Upon his entrance into the classroom, the students began clapping and cheering. The student was so bewildered, eyes growing larger as he looked at the newspaper his peers were pointing at. He was speechless. I was basically in tears. (It’s true: One of the students in the class was recording the entire thing.)
I couldn’t have been prouder. In my teaching career, there are only a handful of key rare moments that really define why we do this job and what we’re really teaching our students. This was one.
I hold onto this memory tightly now as we experience the viral effects of COVID-19, particularly as it’s been challenging to convene as a class and discuss what’s happening around us.
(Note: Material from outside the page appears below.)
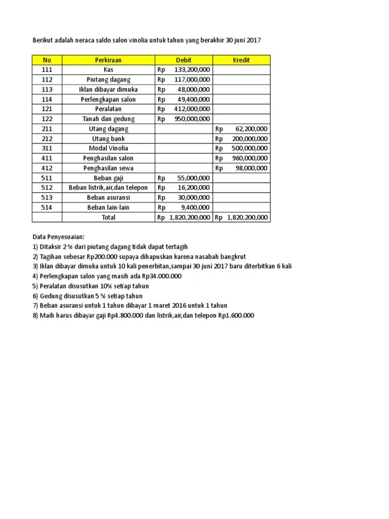 Metode instant juasai akuntansi dasar ( pencatatan, buku besar, neraca saldo, ayat jurnal penyesuaian, neraca lajur, laporan keuangan, jurnal dll. Cara membuat jurnal penyesuaian perusahaan dagang lebih menekankan pada pencatatan. Neraca lajur 8 kolom di atas terdiri dari: Membuat jurnal penyesuaian dengan menganalisis data dan memasukkan ke dalam neraca lajur kolom ayat penyesuaian (ap). Setelah anda mengetahui nilai neraca saldo dan jurnal penyesuaian, . Peserta didik mencari informasi terkait cara menyusun ayat jurnal . Penyusunan neraca lajur adalah sebagai berikut : Membuat jurnal penyesuaian dan neraca lajur berdasarkan berbagai sumber belajar. Proses penyesuaian (pembuatan ayat jurnal penyesuaian) dilakukan." catur sasongko ( 2016:04). Sesudah kamu mencatat jurnal penyesuaian, maka ada akun neraca saldo sebelum penyesuaian yang mengalami perubahan. Beli buku di gramedia elemen laporan keuangan . Membuat neraca lajur adalah salah satu cara yang bisa membantu akuntan menyusun. Dengan menggunakan worksheet ini akan menjadi sarana meminimalisir kesalahan yang mungkin bisa terjadi ketika membuat jurnal .

I hold onto this memory hoping that wherever life takes these students, many of whom are youth of colour, that they feel equipped to resist against the growing xenophobia and racism that seems to have been given license to virulently spread.
I look back to this experience and my students, and how they teach me so much about what empathy, integrity, and courage can look like beyond the classroom walls… and isn’t that what education is all about?
Forging a new path forward
COVID-19 blindsided everyone. It has shone a light on the societal realities of inequities that are often swept under the rug. It has revealed power structures and power players that are ignored and accepted as status quo. It has demonstrated that even still, people have found ways to be resilient despite broken systems. It shows us we need to do a collective better.
These realities are reflected just the same in the education system and in our schools. How does educational leadership respond to a global health pandemic while being sensitive and aware that race is at the forefront of this experience? Now more than ever, COVID-19 highlights that anti-racism education cannot be a mere reactive approach. Anti-racism work must be ongoing and intentional.
If we really want to eradicate hatred in our education system and individual learning, then we need to move away from the guise of celebrating multicultural days as being proof that our schools are not racist.
If we are truly committed to bias and racist- free environments in our schools, then this commitment requires every single actor within the education system to reflect on their power, privilege, and positionality, lean into this discomfort, unlearn their biases, and adopt a perspective that views the world from an equitable lens.
Unfortunately, the conversations that I have with my students and the work that we do in my classroom are not enough. And more importantly, anti-racism work can’t just be the assumed or burdened responsibility of folks of colour, but for the collective.
Anti-bias work is not a performative checklist: It is continuous, it is necessary, and it can be transformational.